• _PROBLEM_:
Provide a verbatim copy of all the records below, leaving the images out.

• _DATA IN THIS EXERCISE_:
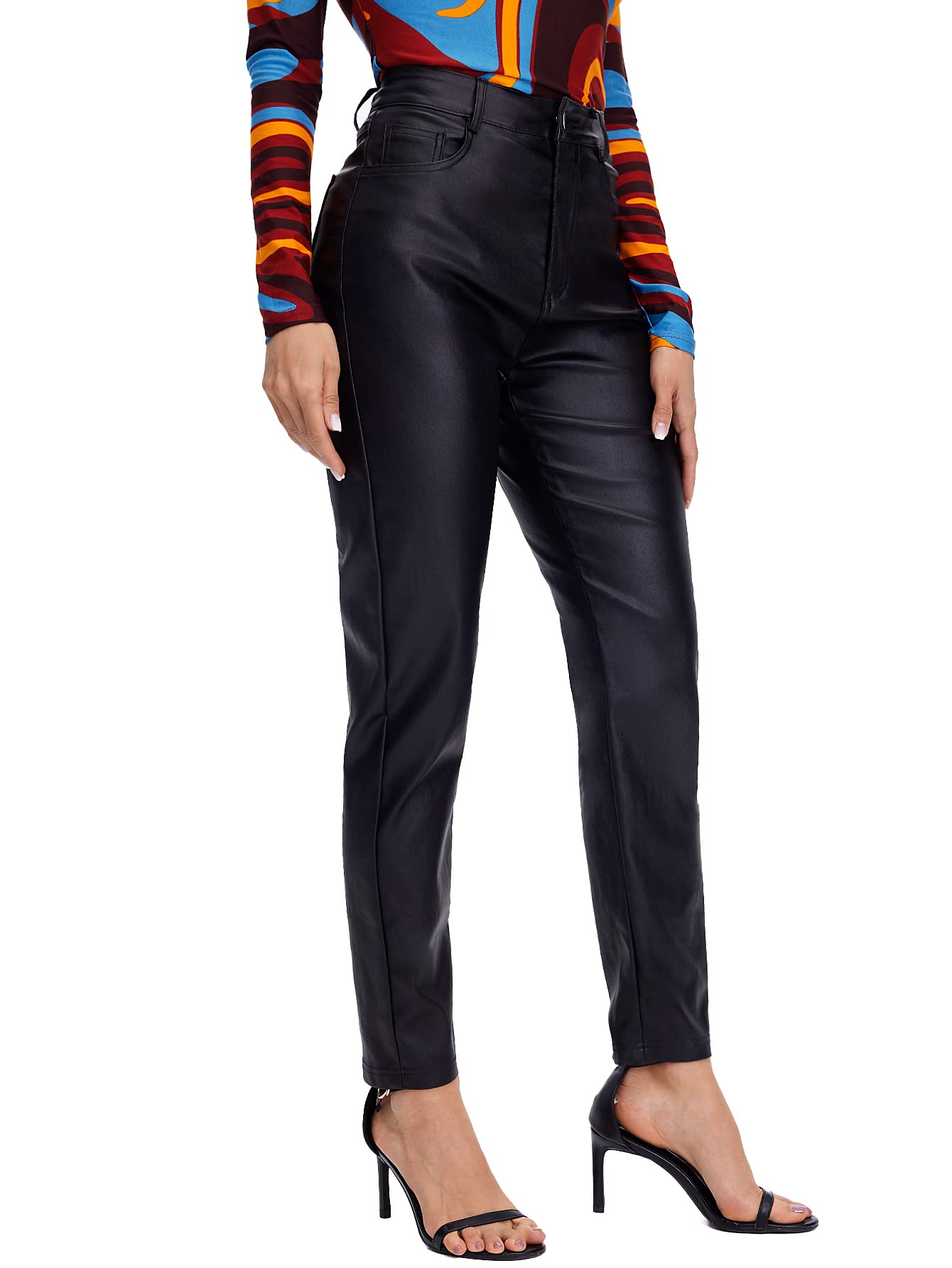 Fabric has some stretch, comfortable to wear Feature: high waist, button, zipper fly, leather look, pockets, solid color, casual straight leg jeans for women Machine washable, handwash recommend Occasions: suitable for casual daily wear Please refer to the last image for size chart (The size chart is clothes size, NOT human body size)
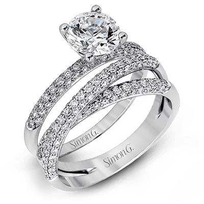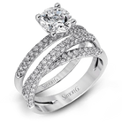 This impressive contemporary white gold engagement ring and wedding band set are emphasized by 1.00 ctw of dazzling round cut white diamonds.
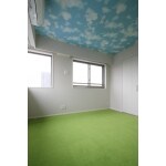 天井には青空の壁紙を張り、床には防音性とふかふかとしたやさしい肌さわりのグリーンのタイルカーペットを敷きました。L型の窓と相まって爽やかな空間に仕上がりました。
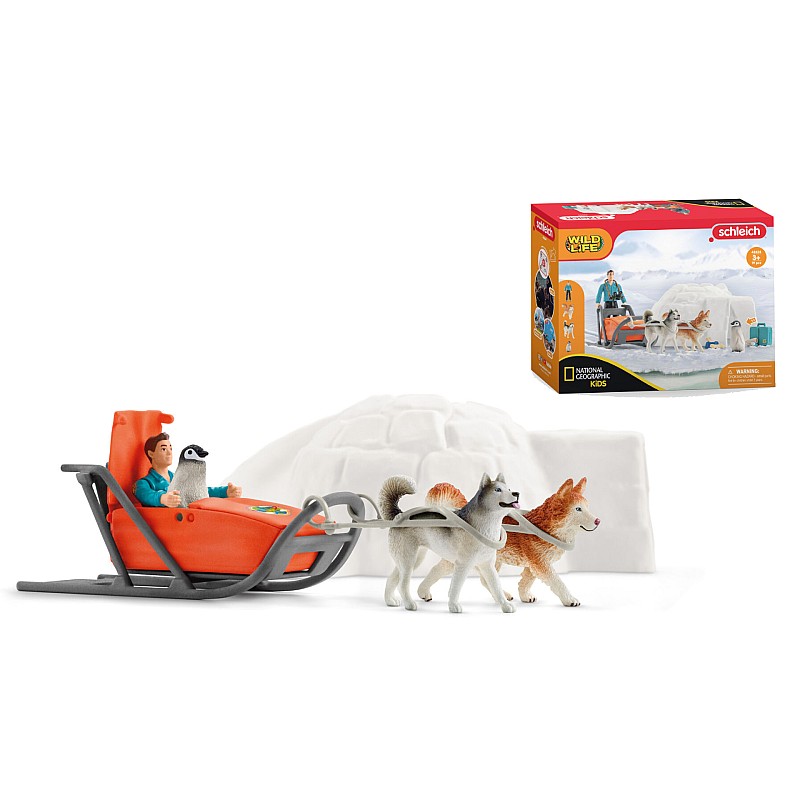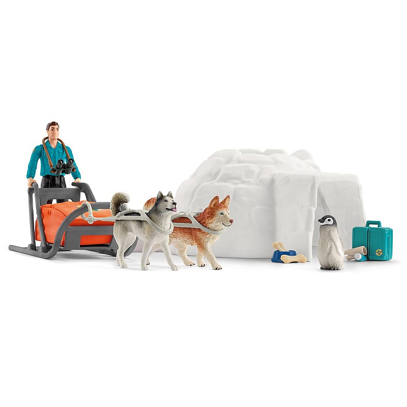 Includes: Forester Tom, 2 huskies, baby emperor penguin, tableware, suitcase, food bowl, 2 bones, bandage, binoculars, salve, dog sled with screen, igloo with slide, sticker sheet.
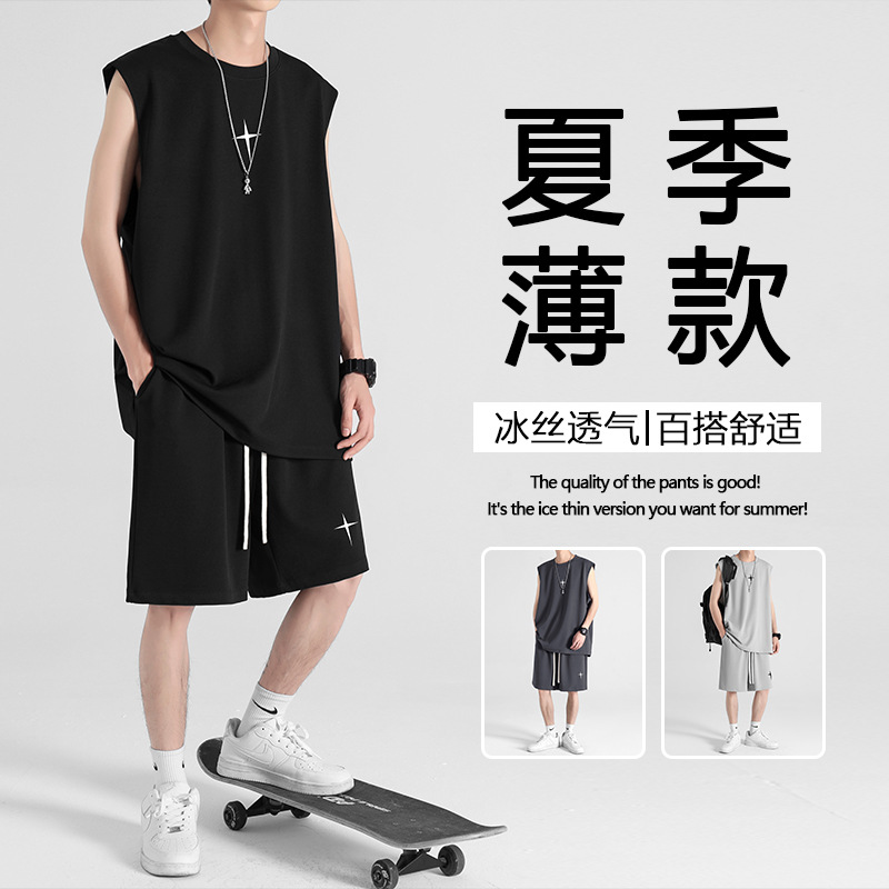 运动套装男夏季健身坎肩衣服无袖背心打底衫男款速干男装男士套装
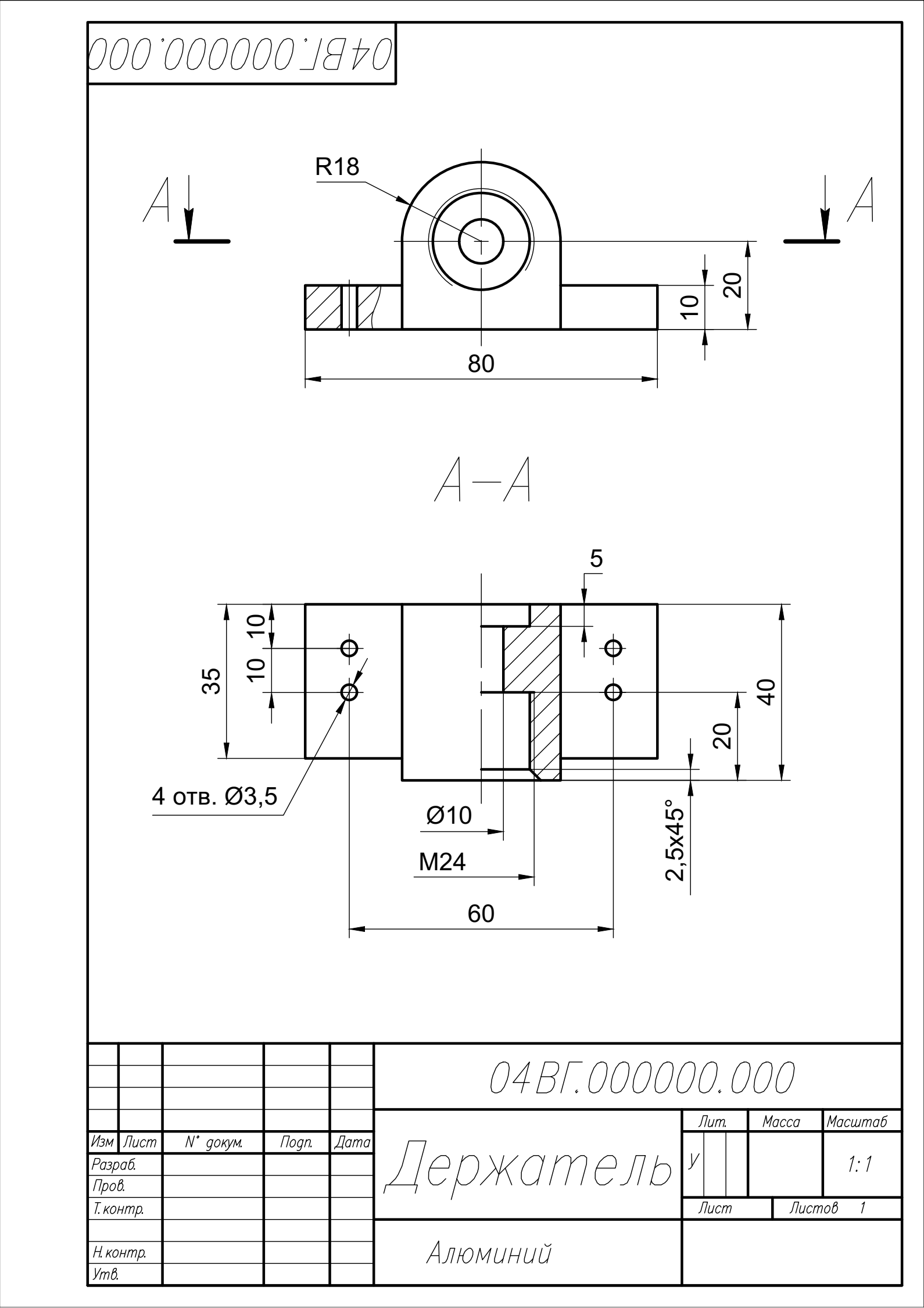 04ВГ.000000.000 держатель - чертеж детали
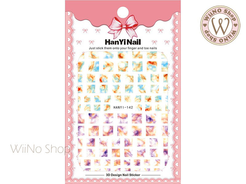 Blue Purple Marble Square Adhesive Nail Art Sticker - 1 pc (HY-142)
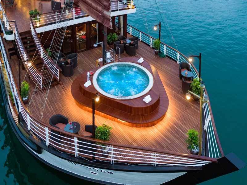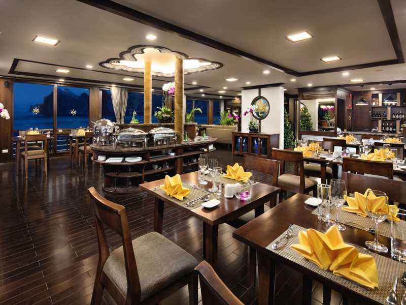 16:00 - 16:30 Return to Orchid Cruises. Guests may join a cooking class, take a swim at the untouched area, or enjoy the Happy Hour (buy 1 get 1) at the bar while watching the magnificent sunset over the Gulf of Tonkin.
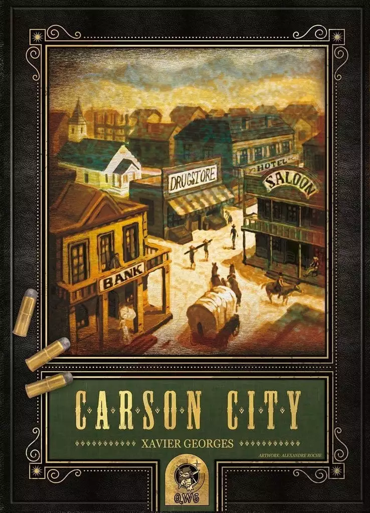 Carson City is a strategic game. The game is played in 4 rounds and in each one of them the players choose a character (there are 7 available) that gives certain advantages, after that cowboys are placed on action fields on the board to build Carson city. Players can claim ground, erect special buildings, houses or construct roads. When there are several players on 1 action field, a duel is fought. During play, money (to construct) & points can be earned. The player who earns most points wins the game.
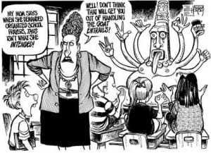 All these relationships had a surreal character. The relationships are funny because they are more real than reality. They also presented a simpler form of humor in that the lowly usually win, while the high and talented usually lose. Reggie commonly loses, as does Weatherbee. Then things began to change in the 2000’s when two token black characters were added: a top scholar/athlete, Chuck Clayton, and his dad, Floyd (or Harry) a wise, athletic, co-coach. These are characters without major flaws, and as such they are not funny. If a writer feels he must include a character like this, a writer should use him as a straight-man, Zeppo Marx for example. And even Zeppo Marx is presented as having a horrible flaw. In Marx Bros. movies, Zeppo is presented as being Groucho’s son. Comedy is built on flawed characters like this, who succeed, and on arrogant ones who fail. With the Claytons, you’re left wondering what comedy do they bring to the situation. Also, why do these individuals tolerate crazy Moose on the team?

• _OUTPUT FOR THIS EXERCISE_:
 Fabric has some stretch, comfortable to wear Feature: high waist, button, zipper fly, leather look, pockets, solid color, casual straight leg jeans for women Machine washable, handwash recommend Occasions: suitable for casual daily wear Please refer to the last image for size chart (The size chart is clothes size, NOT human body size)
 This impressive contemporary white gold engagement ring and wedding band set are emphasized by 1.00 ctw of dazzling round cut white diamonds.
 天井には青空の壁紙を張り、床には防音性とふかふかとしたやさしい肌さわりのグリーンのタイルカーペットを敷きました。L型の窓と相まって爽やかな空間に仕上がりました。
 Includes: Forester Tom, 2 huskies, baby emperor penguin, tableware, suitcase, food bowl, 2 bones, bandage, binoculars, salve, dog sled with screen, igloo with slide, sticker sheet.
 运动套装男夏季健身坎肩衣服无袖背心打底衫男款速干男装男士套装
 04ВГ.000000.000 держатель - чертеж детали
 Blue Purple Marble Square Adhesive Nail Art Sticker - 1 pc (HY-142)
 16:00 - 16:30 Return to Orchid Cruises. Guests may join a cooking class, take a swim at the untouched area, or enjoy the Happy Hour (buy 1 get 1) at the bar while watching the magnificent sunset over the Gulf of Tonkin.
 Carson City is a strategic game. The game is played in 4 rounds and in each one of them the players choose a character (there are 7 available) that gives certain advantages, after that cowboys are placed on action fields on the board to build Carson city. Players can claim ground, erect special buildings, houses or construct roads. When there are several players on 1 action field, a duel is fought. During play, money (to construct) & points can be earned. The player who earns most points wins the game.
 All these relationships had a surreal character. The relationships are funny because they are more real than reality. They also presented a simpler form of humor in that the lowly usually win, while the high and talented usually lose. Reggie commonly loses, as does Weatherbee. Then things began to change in the 2000’s when two token black characters were added: a top scholar/athlete, Chuck Clayton, and his dad, Floyd (or Harry) a wise, athletic, co-coach. These are characters without major flaws, and as such they are not funny. If a writer feels he must include a character like this, a writer should use him as a straight-man, Zeppo Marx for example. And even Zeppo Marx is presented as having a horrible flaw. In Marx Bros. movies, Zeppo is presented as being Groucho’s son. Comedy is built on flawed characters like this, who succeed, and on arrogant ones who fail. With the Claytons, you’re left wondering what comedy do they bring to the situation. Also, why do these individuals tolerate crazy Moose on the team?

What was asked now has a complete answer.